Step 1: Creating the DataFrame
We have already created the ‘orders’ DataFrame using the provided code. The DataFrame looks like this:
import pandas as pd
raw_data = {
'order_id': [1, 2, 3, 4, 5, 6],
'channel': ['Online', 'Online', 'In_Store', 'In_Store', 'Online', 'Online'],
'date': ['2018-09-01', '2018-09-03', '2018-10-11', '2018-08-21', '2018-08-13', '2018-10-29'],
'month': ['09', '09', '10', '08', '08', '10'],
'revenue': [100, 125, 200, 80, 200, 100]
}
df = pd.DataFrame(raw_data, columns=['order_id', 'channel', 'date', 'month', 'revenue'])
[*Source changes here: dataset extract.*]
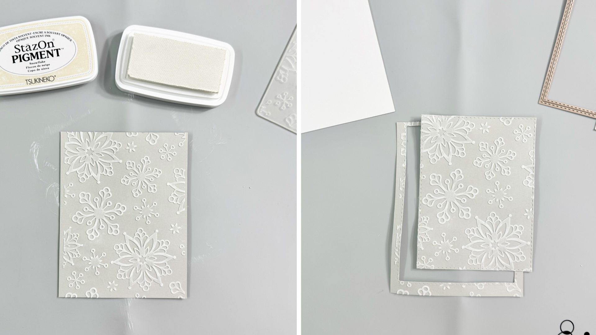 Using a Misti or stamp positioner and a grip mat place the cardstock panel in the center. Place the floral stamp on the corner of the panel and ink with shimmer ink (I used Delicata Silvery Shimmer) stamp, you may have to stamp more than once to get a clean image. Turn your paper, no need to move the stamp thanks to the Misti and ink it up and stamp again on the other corner. This ink is a pigment ink therefore it takes a little longer to dry, you can speed that up by heat setting it.

Step 2: Calculating the Average Revenue by Month and Channel
To calculate the average revenue by month and channel, we will group the data by the ‘month’ and ‘channel’ columns and then apply the mean function to calculate the average revenue for each group.
average_revenue_by_month_channel = df.groupby(['month', 'channel'])['revenue'].mean().reset_index()
print(average_revenue_by_month_channel)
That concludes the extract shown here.